### INSTRUCTIONS FOR THE TASK:
Everything in the data below is left aside except the lines from the one containing "2. As diferenças" through the one containing "材料: 西葫芦,木耳,洋葱,鸡蛋,调味料。"; repeat those exactly.

### THE RECORDS:
************

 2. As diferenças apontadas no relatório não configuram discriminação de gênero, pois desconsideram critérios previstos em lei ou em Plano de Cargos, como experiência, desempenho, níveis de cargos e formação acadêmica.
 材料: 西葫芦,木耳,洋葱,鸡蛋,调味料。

************

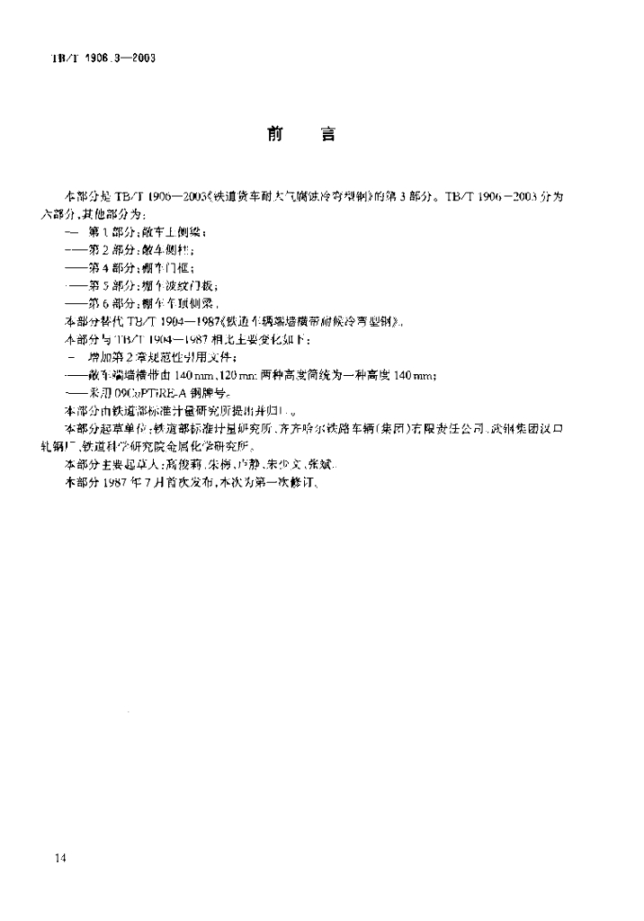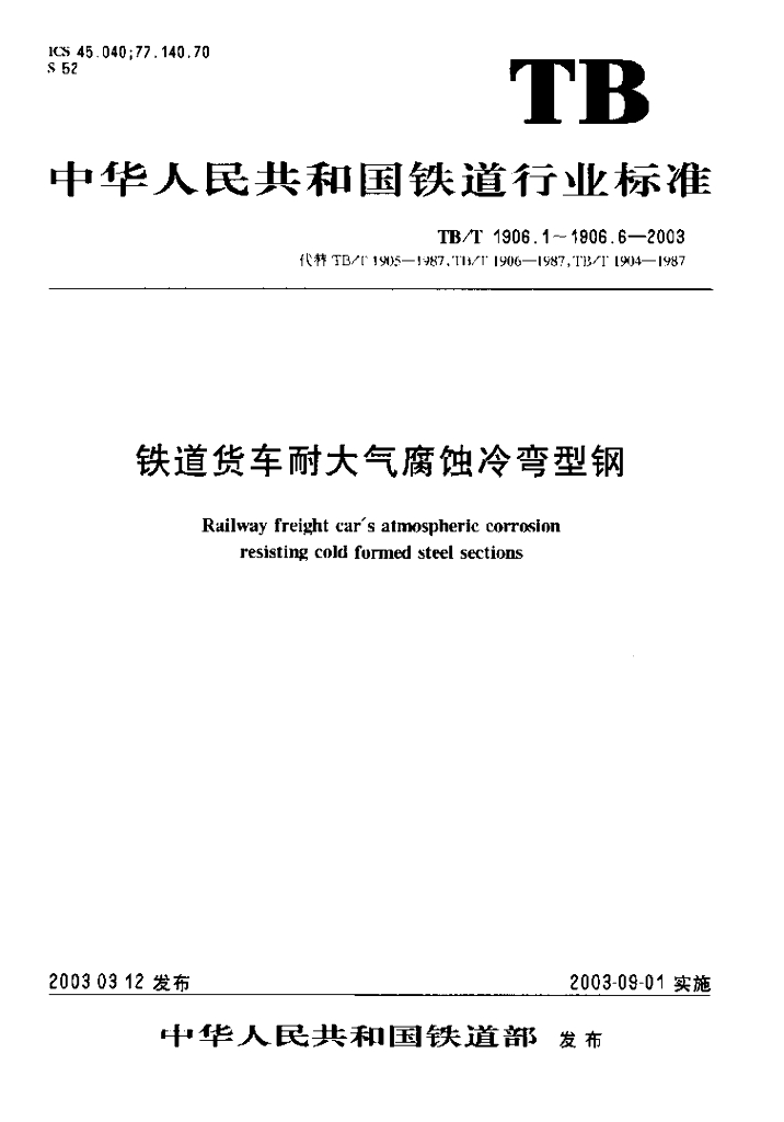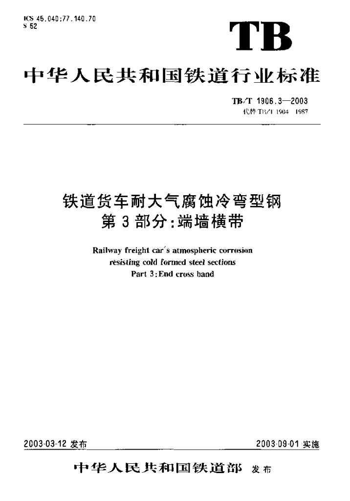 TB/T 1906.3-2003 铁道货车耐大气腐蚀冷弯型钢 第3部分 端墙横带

************

### SOLUTION BELOW:
 2. As diferenças apontadas no relatório não configuram discriminação de gênero, pois desconsideram critérios previstos em lei ou em Plano de Cargos, como experiência, desempenho, níveis de cargos e formação acadêmica.
 材料: 西葫芦,木耳,洋葱,鸡蛋,调味料。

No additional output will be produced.